** Exercise data follows **

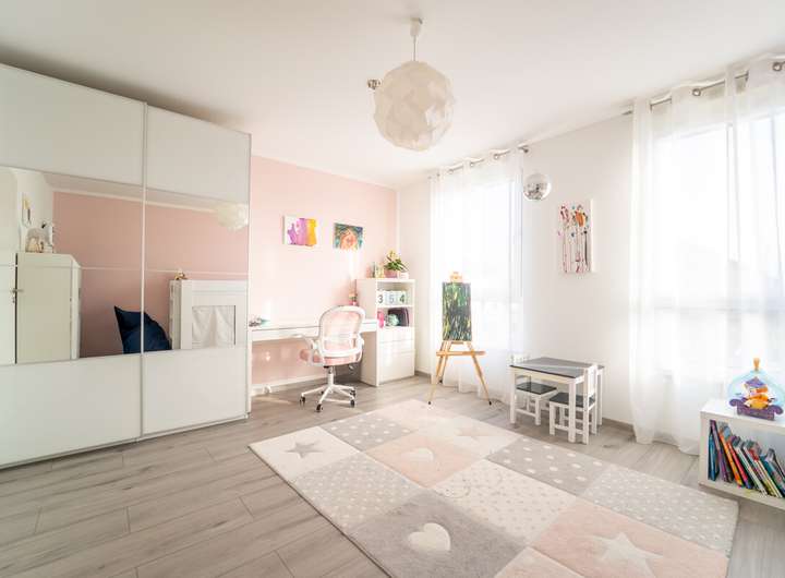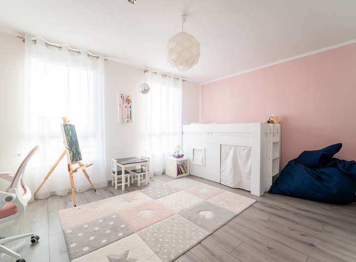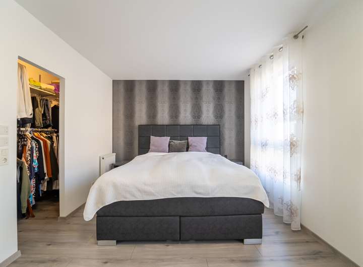Über eine Treppe gelangen Sie in das 1. Obergeschoss. Das Elternschlafzimmer verfügt über eine eigene Ankleide und sorgt für erholsamen Schlaf. Das Kinderzimmer ist hell, freundlich und bietet ausreichend Platz zum Spielen und Lernen. Ein modernes Badezimmer mit Badewanne ist von beiden Räumen über den Flur erreichbar. Einbauschränke bieten zusätzlichen Stauraum.
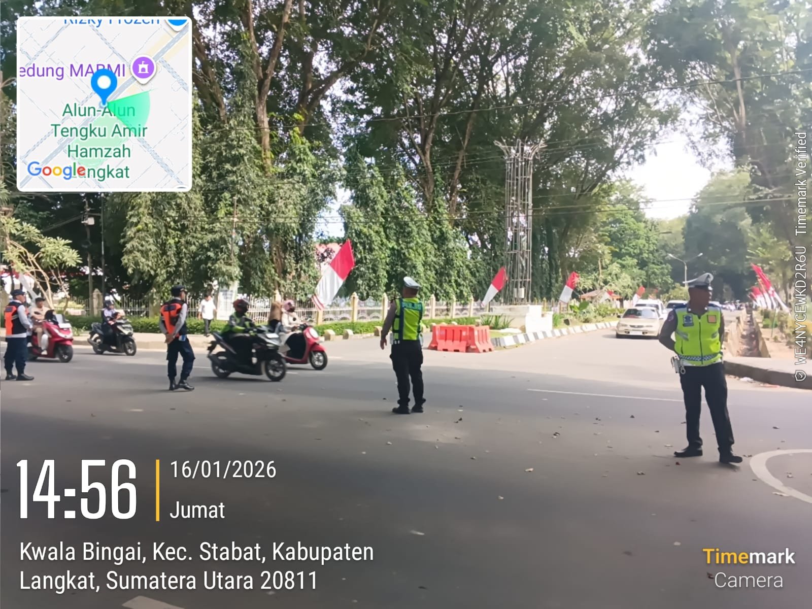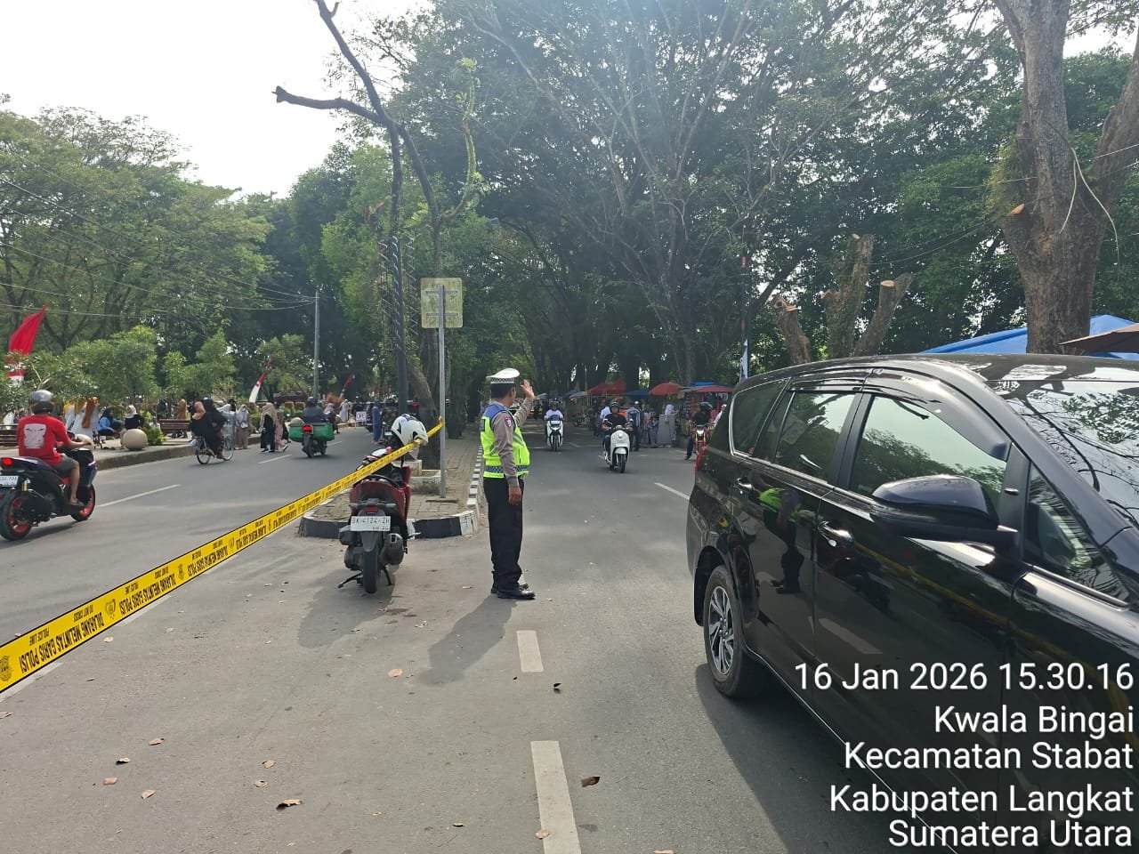 Satuan Lalu Lintas Polres Langkat melaksanakan pengamanan dan pengaturan lalu lintas pada kegiatan tausiyah dan doa bersama yang disampaikan oleh Ustad Das’ad Latif, Jumat (16/1/2026). Kegiatan tersebut digelar dalam rangka memperingati Hari Jadi Kabupaten Langkat ke-276 dan dihadiri masyarakat dalam jumlah besar.
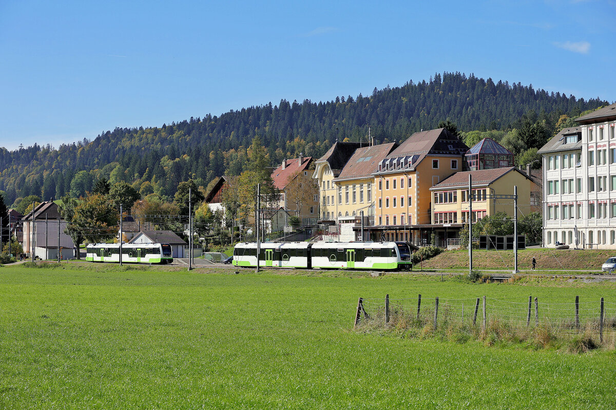 Der TPC Beh 2/6 wartet auf die Abfahrt nach Champéry, der neue ABe 4/8 471 wird nach Les Diablerets fahren und im Hintergrund steht ein A-L Regionalzug R70 nach Leysin.

** End of Exercise data **

■ **Required action**:
All the material shown above is to be copied exactly, with no pictures carried over.

■ **Response to the exercise**:
Über eine Treppe gelangen Sie in das 1. Obergeschoss. Das Elternschlafzimmer verfügt über eine eigene Ankleide und sorgt für erholsamen Schlaf. Das Kinderzimmer ist hell, freundlich und bietet ausreichend Platz zum Spielen und Lernen. Ein modernes Badezimmer mit Badewanne ist von beiden Räumen über den Flur erreichbar. Einbauschränke bieten zusätzlichen Stauraum.
 Satuan Lalu Lintas Polres Langkat melaksanakan pengamanan dan pengaturan lalu lintas pada kegiatan tausiyah dan doa bersama yang disampaikan oleh Ustad Das’ad Latif, Jumat (16/1/2026). Kegiatan tersebut digelar dalam rangka memperingati Hari Jadi Kabupaten Langkat ke-276 dan dihadiri masyarakat dalam jumlah besar.
 Der TPC Beh 2/6 wartet auf die Abfahrt nach Champéry, der neue ABe 4/8 471 wird nach Les Diablerets fahren und im Hintergrund steht ein A-L Regionalzug R70 nach Leysin.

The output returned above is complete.